There are two sides of a shopper’s coin in Seattle. Fashionistas can fill their bags in Downtown Seattle to refresh their wardrobe trends from around the world, while design lovers looking for one-of-a-kind pieces can browse elite boutiques in Ballard.

The Seattle flea market experience also has its place. Rummagers can wander around the Fremont Sunday Market held every Sunday just north of Downtown Seattle. It doesn’t cost a penny if you just want to browse the displayed arts and crafts. But it’s well worth the small splurge on the street food options and flower market.

Pacific Place in the Financial District is where you can burn the day and a hole in your wallet at the same time. This premier five-story shopping center in Downtown Seattle spans an entire city block at the intersections of two major hubs. The mall’s grand new entrance faces Amazon at Seventh Avenue and Olive Way that opens up to South Lake Union, with a second downtown-facing entrance at Sixth Avenue and Pine Street. Popular shops, restaurants, and the AMC Pacific Place 11 theater draw crowds in at all hours. Represented brands include Tiffany & Co., Lululemon, JNBY, and Aveda. The underground garage offers plenty of parking, but the mall is also accessible by the Light Rail.

For outside gear, be sure to check out the flagship store of Recreational Equipment, Inc., better known as REI. Whether you’re planning a mountain excursion, looking for a wetsuit to play in Puget Sound, or are just on the hunt for the latest outdoor gadgets, REI is your place.
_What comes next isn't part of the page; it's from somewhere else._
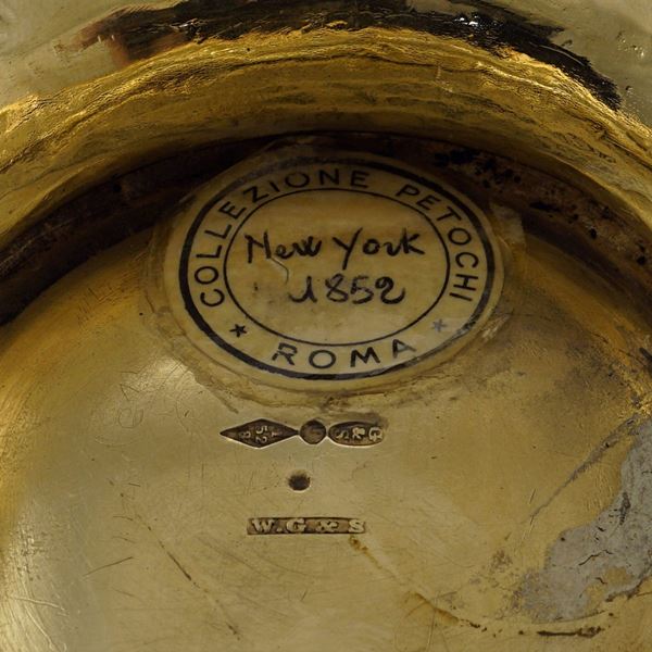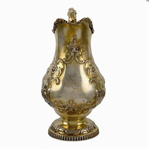 mark of William Gale & Son, body embossed and chiselled with floral and vegetal motives, handles with grapes shape, h. 27 cm., peso 718 gr.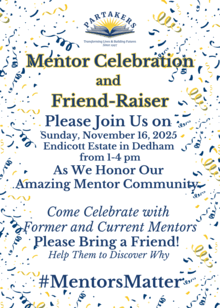Please Join Us on Sunday, November 16, 2025, at the Endicott Estate in Dedham from 1-4 as We Honor and Cheer Our Amazing Mentor Community. Come Celebrate, Mingle, Meet, Chat, and Discover Why Mentors Matter!

Their Seattle location has an impressive amount of retail space that shoppers can only get to after crossing a miniature section of Northwest trail replete with pine trees, ferns, and a waterfall.

Things to Do

Active adventures abound in Seattle, but when you need to find Zen, take a pause at Waterfall Garden Park, an intimate greenspace in Pioneer Square. Stand before a 22-foot waterfall plummeting over granite boulders into a serene Japanese pool while you meditate on your new home in Seattle.

And there’s no shortage of team sports for those who are avid fans of football (Seahawks), soccer (Sounders), hockey (Kraken), and baseball (Mariners).

If your idea of being active is supporting your favorite causes, there are many opportunities to engage with like-minded groups. Seattle is passionate about politics, and the residents make it known by hosting marches, rallies, and other displays of political activism.

For indoor entertainment, check out the theater and music scene. Beyond being the birthplace of grunge rock, one of the world’s most recorded orchestras, the Seattle Symphony Orchestra, performs here. Seattle Opera and the Pacific Northwest Ballet both stage new and classic productions, and Seattle Symphony puts on innovative concerts. Plus, more than 80 clubs and music venues hold regular live performances to fill your calendar every month. Seattle is also a theater town, home to a variety of companies, including Seattle Rep, the largest nonprofit resident theater in the Pacific Northwest and the latest touring Broadway productions.

Colleges & Universities

Students can consider one of 7 four-year colleges within the Seattle city limits and 23 four-year colleges within a 50-mile radius. If size matters, the University of Washington Seattle Campus enrolls the most students. But if money is your main concern, Lake Washington Institute of Technology offers the lowest in-state tuition for four-year colleges in the area. The Seattle area also hosts nationally ranked institutions like University of Washington Seattle Campus, Seattle University, and Seattle Pacific University.